### [What is needed]
Whenever a picture appears, omit it, and set down everything else in the records exactly.

### [Records supplied]
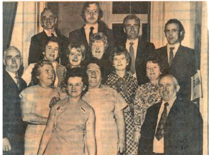
In London a very active group "Charleville and District Emigrants" were responsible for donating

From 1974 to 1978 the Association launched: a lottery which ran for over 10 years, The "Brick and Block" campaign and a Cook Book - "The Community Spirit". All were very successful fundraisers.
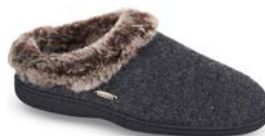
DARK CHARCOAL HEATHER WS-WXL // A17101DCT while supplies last
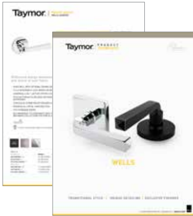
CUSTOMIZED DOCUMENTS & SELL SHEETS
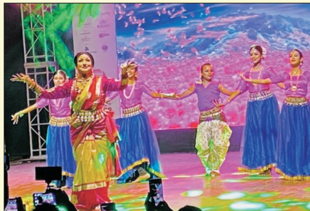
Brand Ambassador Rituparna Sengupta spl Dance performance
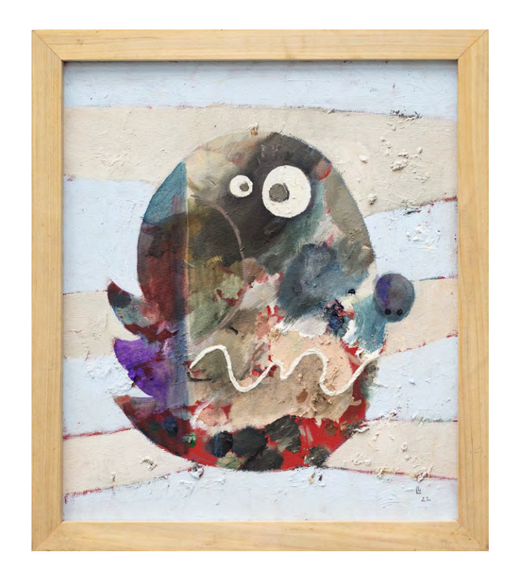
Head 6 , 2022 acrylic & oil on canvas 14h x 10w in • 35.56h x 25.40w cm
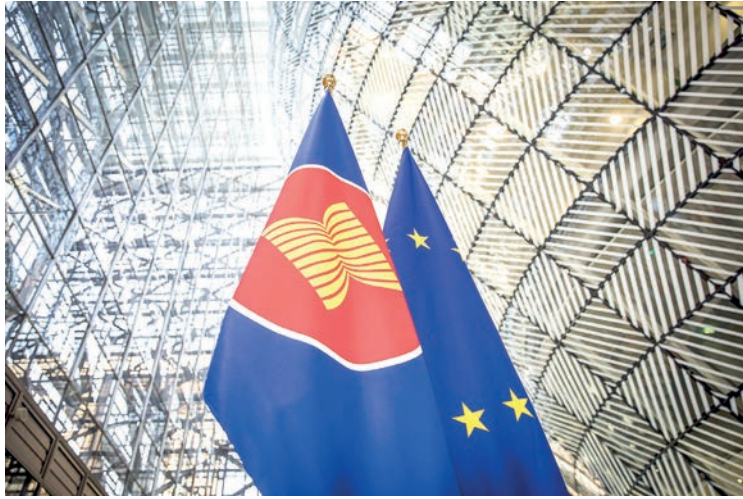
Europe is keen to boost trade with the Association of Southeast Asian Nations (ASEAN), which counts some of the world's fastest-growing economies.

EU leaders meet their counterparts from Southeast Asia for a summit in Brussels on Wednesday, looking to bolster ties in the face of the war in Ukraine and challenges from China.
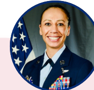
Veteran Master Sergeant U.S. Air Force
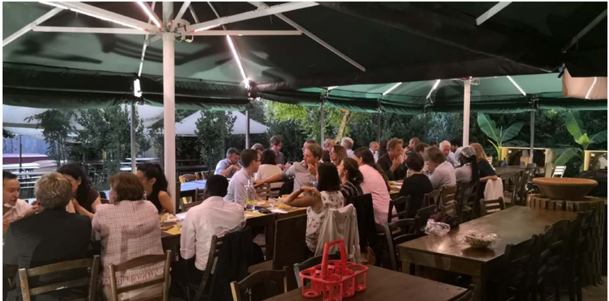
The workshop engaged a wide range of stakeholders including public authorities, sectoral stakeholders, businesses and the research community. The participants contributed to the discussion with concrete examples from their respective countries.
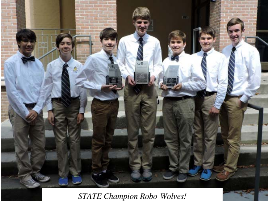
STATE Champion Robo-Wolves!
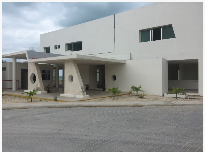
NEW MARINA PUNTA SAM

BOTH CARIBBEAN CONNECTION AND CANCUN WHALESHARK TOURS ARE HIGHLY RATED ON TRIP ADVISOR SO POTENTIAL CLIENTS CAN HAVE
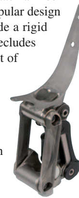
Polycentric knee for K.D. limb
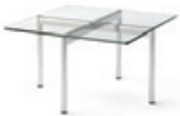
850 F Lounge table square Measurements in mm B= 700 D= 700 H= 400

### [Written solution]
In London a very active group "Charleville and District Emigrants" were responsible for donating

From 1974 to 1978 the Association launched: a lottery which ran for over 10 years, The "Brick and Block" campaign and a Cook Book - "The Community Spirit". All were very successful fundraisers.
DARK CHARCOAL HEATHER WS-WXL // A17101DCT while supplies last
CUSTOMIZED DOCUMENTS & SELL SHEETS
Brand Ambassador Rituparna Sengupta spl Dance performance
Head 6 , 2022 acrylic & oil on canvas 14h x 10w in • 35.56h x 25.40w cm
Europe is keen to boost trade with the Association of Southeast Asian Nations (ASEAN), which counts some of the world's fastest-growing economies.

EU leaders meet their counterparts from Southeast Asia for a summit in Brussels on Wednesday, looking to bolster ties in the face of the war in Ukraine and challenges from China.
Veteran Master Sergeant U.S. Air Force
The workshop engaged a wide range of stakeholders including public authorities, sectoral stakeholders, businesses and the research community. The participants contributed to the discussion with concrete examples from their respective countries.
STATE Champion Robo-Wolves!
NEW MARINA PUNTA SAM

BOTH CARIBBEAN CONNECTION AND CANCUN WHALESHARK TOURS ARE HIGHLY RATED ON TRIP ADVISOR SO POTENTIAL CLIENTS CAN HAVE
Polycentric knee for K.D. limb
850 F Lounge table square Measurements in mm B= 700 D= 700 H= 400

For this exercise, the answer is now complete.